== What you have to do ==
Once the line containing "ビンテージ Vintage トランク" is found in the entries below, restate it and each following line word for word, stopping after the line containing "Για Samsung Galaxy".

== Exercise data ==
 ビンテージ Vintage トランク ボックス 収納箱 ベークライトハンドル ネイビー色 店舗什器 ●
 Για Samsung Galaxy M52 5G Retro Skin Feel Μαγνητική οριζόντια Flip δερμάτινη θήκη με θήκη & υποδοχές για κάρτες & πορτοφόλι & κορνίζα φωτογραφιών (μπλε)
* * *
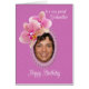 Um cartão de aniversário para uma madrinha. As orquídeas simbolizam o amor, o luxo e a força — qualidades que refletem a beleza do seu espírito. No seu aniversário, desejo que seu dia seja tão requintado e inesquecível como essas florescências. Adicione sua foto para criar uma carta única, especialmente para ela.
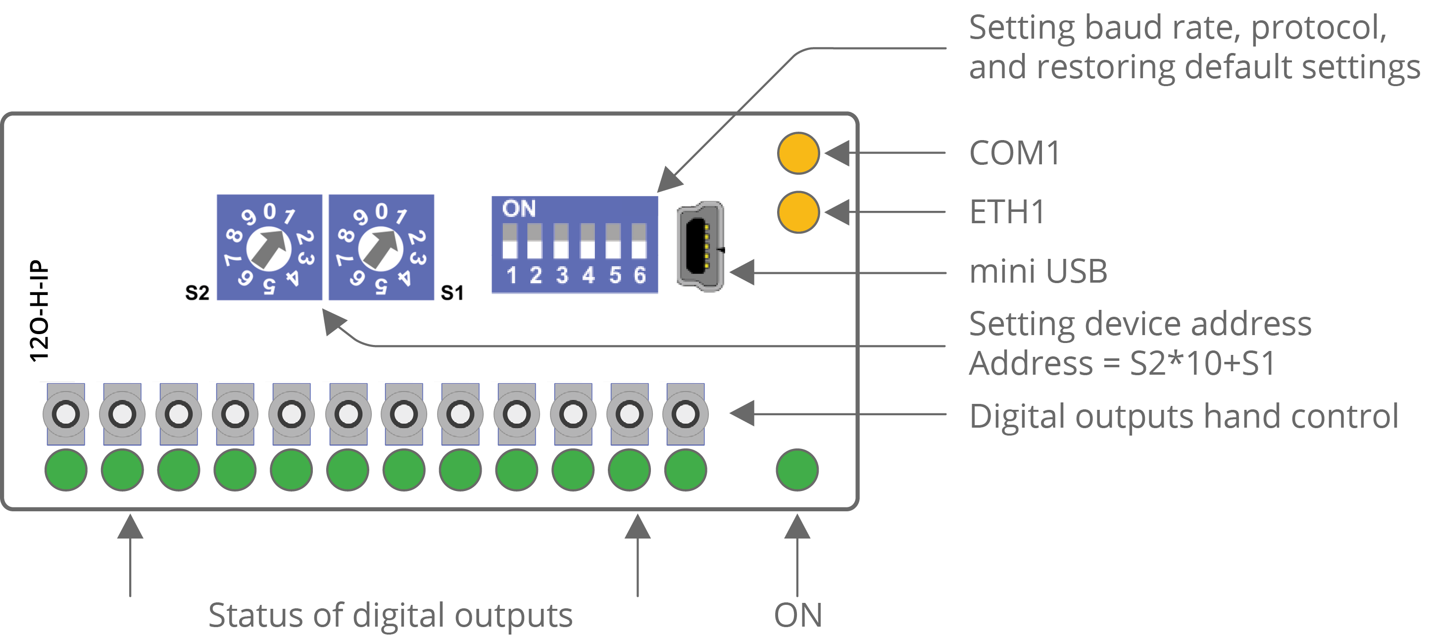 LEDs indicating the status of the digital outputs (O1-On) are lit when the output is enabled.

== Written answer ==
 ビンテージ Vintage トランク ボックス 収納箱 ベークライトハンドル ネイビー色 店舗什器 ●
 Για Samsung Galaxy M52 5G Retro Skin Feel Μαγνητική οριζόντια Flip δερμάτινη θήκη με θήκη & υποδοχές για κάρτες & πορτοφόλι & κορνίζα φωτογραφιών (μπλε)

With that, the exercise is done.